The music business, especially the modern-rock division, is an exhausting scene. Between illegal downloading, heavy promotional pressures and the nanoseconds-long attention span of the MTV crowd, rock artists are forced to conjure up magic tricks of imaging to attract increasingly fickle listeners. The Lost Prophets are well aware of this, and thus saturate their third CD, Liberation Transmission, in enough fancy artwork and fashion statements to put even My Chemical Romance to shame. Unfortunately, the music Liberation Transmission delivers can't live up to the agenda its imaging pushes, and the record falls miserably flat.

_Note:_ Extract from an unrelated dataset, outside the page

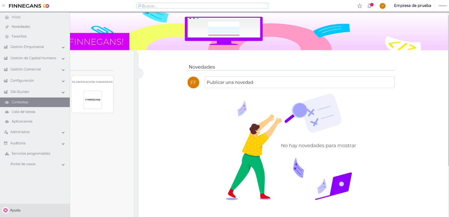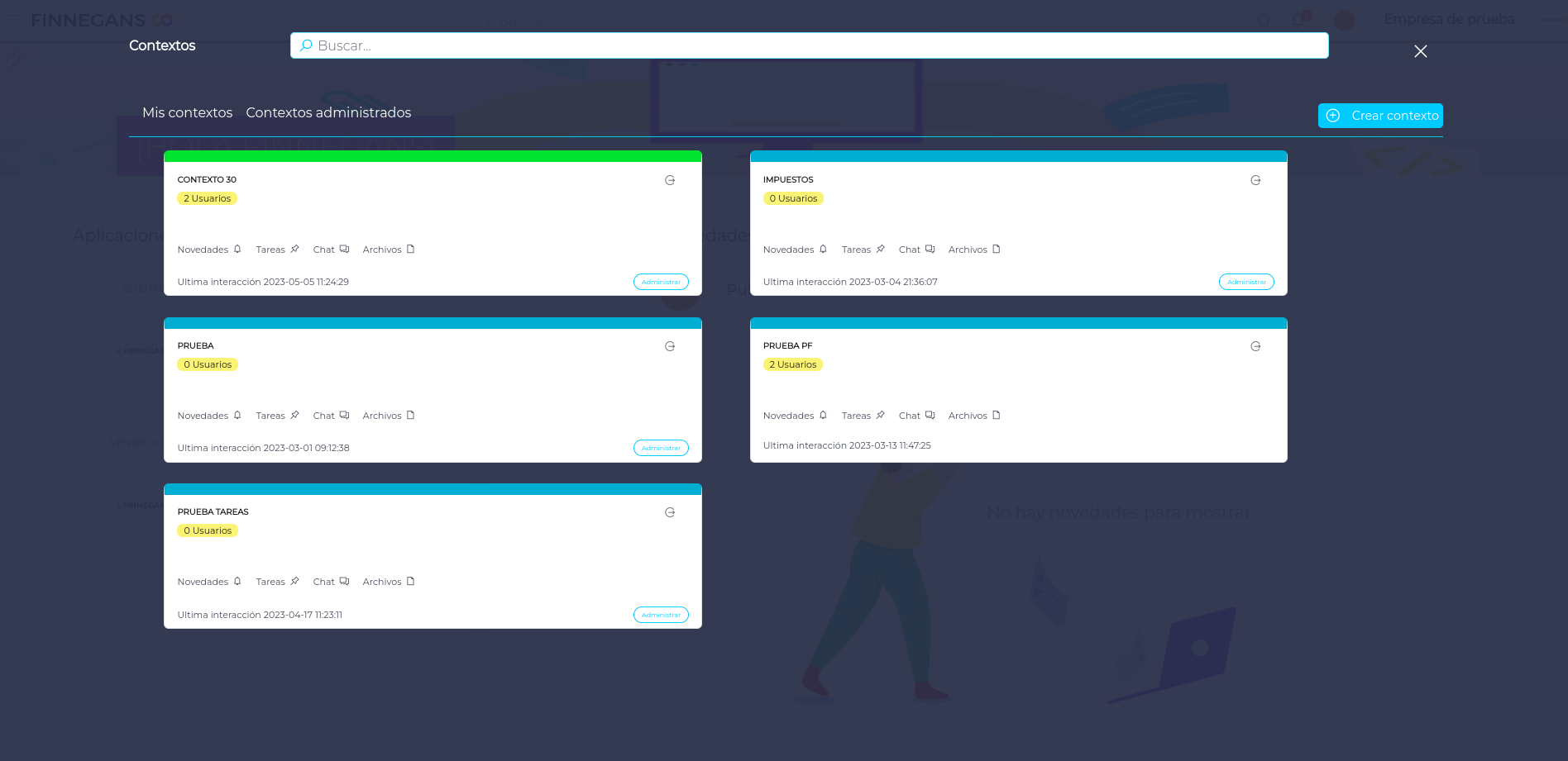 Ingresar al menú lateral de Finnegans Go y seleccionar Contextos

As a concept band, the Lost Prophets actually do rather well for themselves. Their CD cover proclaims "Nobis Pro Lemma Vobis" (meaning "for us, for them, for you") against a backdrop of gargoyles and red ink splattered to look like blood. The band members, adorned in sunglasses and tattoos, pose, unsmiling, under layers of perfectly dyed and parted hair. And the lyrics to each song, printed in an appropriately gothic font, are splayed out over four pages of German prison records watermarked into the CD jacket. While the packaging of Liberation Transmission is impressive, the band doesn't succeed much more than that. Underneath their carefully designed smoke and mirrors, the Lost Prophets are a mediocre band at best. At worst, they are an offensively presumptuous act that dictates a philosophy without producing the quality music needed to back it up.
The band's relentless diatribe begins with "Everyday Combat," which likens life to a series of wars fought over booze, brawls and broads. While the song's formula is classic punk rock, its drudging sound certainly won't be starting any riots. Most of the record's subsequent tracks, with stale guitar riffs and lifeless melodies, fall into the same dull category. Some songs are so studied that they even make parodies of themselves. Armed with lines like "there's no pride to be found/ when you follow sheep around," the band takes a jab at the music industry on "A Town Called Hypocrisy." In the same vein, "The New Transmission" is an attack on all things superficial, proclaiming "everyone says the same old things." Shouted ungracefully over power chords, however, such lines have little effect without originality or inventiveness.
Equally unoriginal are tracks like "Broken Hearts, Torn Up Letters, and the Story of a Lonely Girl," which attempts to hide its banality with a dramatic title and voice tricks from lead singer and lyricist Ian Watkins. The same applies to "Everybody's Screaming!!!," a song title that apparently requires three exclamation points to distract listeners from the mind-numbingly mundane sound it actually offers. As Watkins screams that he's "sick of working all week for people [he] can't stand," the band's credibility plummets to the ranks of other modern-rock bands who value themselves as messiahs for the disaffected youth of the world (such as Nickleback and, God forbid, Creed.)
Despite its misguided sermonizing, Liberation Transmission isn't entirely hopeless. U2-inspired guitars and a soaring melody lift first single "Rooftops" to pure pop-rock ecstasy, and "Can't Stop, Got A Date With Hate" is a clever commentary on life tainted by cynicism. When the band shifts its focus from the state of world affairs to the state of a broken relationship, as in "Can't Catch Tomorrow," its sound makes more sense.
Otherwise, Liberation Transmission drones on at an exhaustingly loud volume without striking any emotional chords. The record is far too prepped and primed to leave any lasting impressions. Credit is due to the band's A&R department for creating some stunning visual effects, but the effects from the music underneath the imaging are nonexistent. The Lost Prophets, who apparently are also lost on the meaning of irony, have created an entirely forgettable record that preaches but cannot perform.